Я попал в Лакандонскую сельву уже на этом, третьем этапе, в 1984 году. Где-то в августе-сентябре того года, примерно через 9 месяцев после прибытия первой группы. Мы пришли с двумя товарищами — одной индианкой чоль и одним индейцем из народа цоциль. Если я не ошибаюсь, к моменту нашего прибытия САНО состояла из 7 членов, постоянно находившихся в горах и двоих еще, которые постоянно «поднимались» и «спускались» в город с письмами и продуктам. Через селения мы проходили по ночам, притворяясь инженерами.
Наши лагеря в те времена были относительно просты: был интендентский участок или кухня, спальни, участок для упражнений, медпункт, участок 25 и 50 и поле огня для обороны. Наверное, кто-то из слушающих меня спросит, что это за участок 25 и 50. Дело в том, что для справления нужд, именуемых «первичными», нужно было на определенное расстояние удаляться от лагеря. Чтобы сходить по-маленькому нужно было отходить на 25 метров, а чтобы сходить по-большому — на 50 метров, и кроме того, необходимо было выкопать мачете ямку и после закопать туда «продукт». Конечно, все эти нормы действовали, когда нас было, как говорится «горсть» мужчин и женщин, то есть когда наше общее число не превышало десяти. Позднее, мы начали строить туалеты в местах более отдаленных, но термины «25» и «50» остались.

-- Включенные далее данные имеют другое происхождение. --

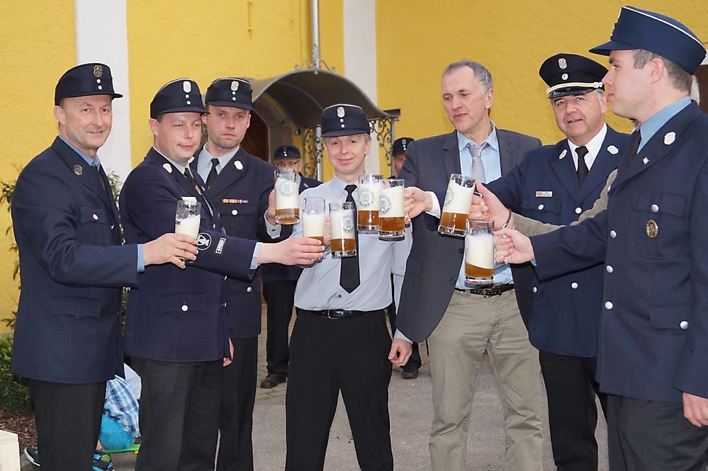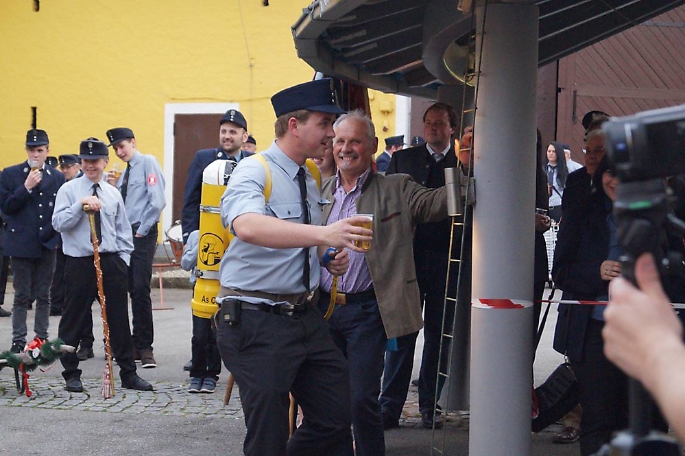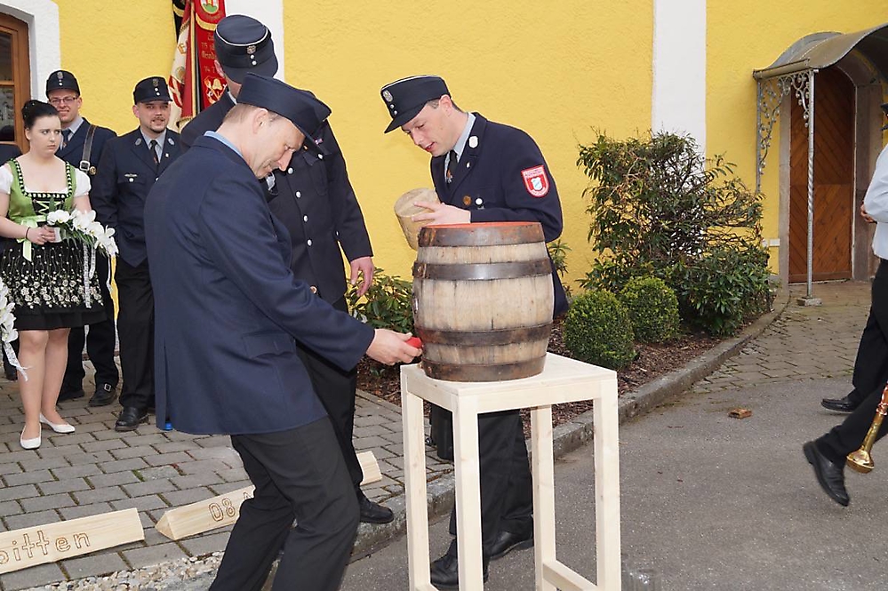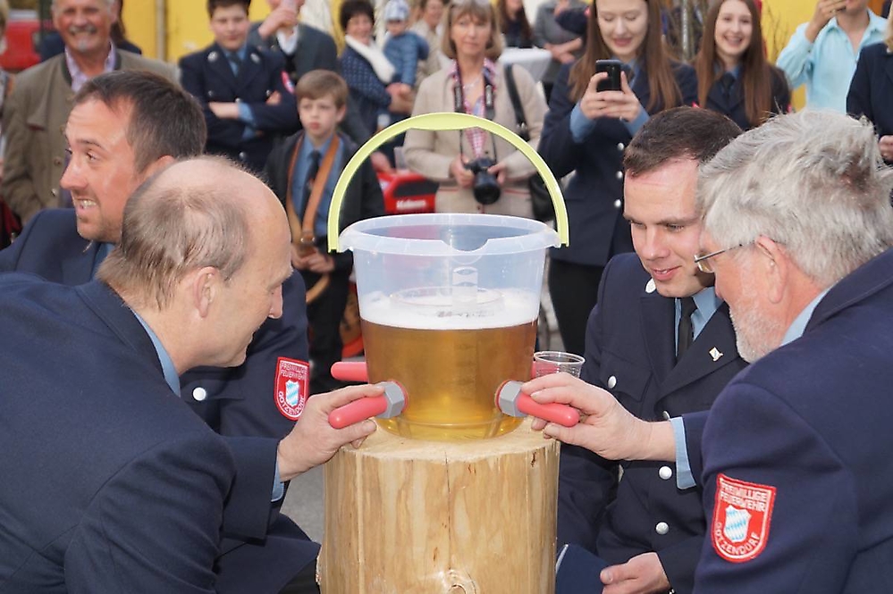 Das mitgebrachte Fass Bier zapfte der stv. Vorsitzende der Gotzendorfer Wehr, Günther Holhut, mit zwei Schlägen fast perfekt an und alle Honoratoren stißen auf ein gutes Fest an.

Был у нас один лагерь, называвшийся «Очаг», потому что там мы соорудили наш первый очаг. До этого, огонь разводился прямо на земле и котелки (два больших — один для фасоли и другой для подстреленной дичи или пойманной рыбы) подвешивались к перекладинам из связанных бамбкукрвых палок. Но потом нас стало больше и мы вступили в «эру очага». К этому моменту в списках САНО числилось уже целых 12 бойцов.
Через некоторое время, в лагере, который назывался «Новобранцы» (потому что новые бойцы сначала попадали туда), мы вступили в «эру колеса». Потому что мы смастерили при помощи одних мачете деревянное колесо и сделали тачку, чтобы возить камни к траншеям. Но видимо, времена были такие — колесо наше вышло достаточно квадратным и камни все-таки пришлось таскать на спине.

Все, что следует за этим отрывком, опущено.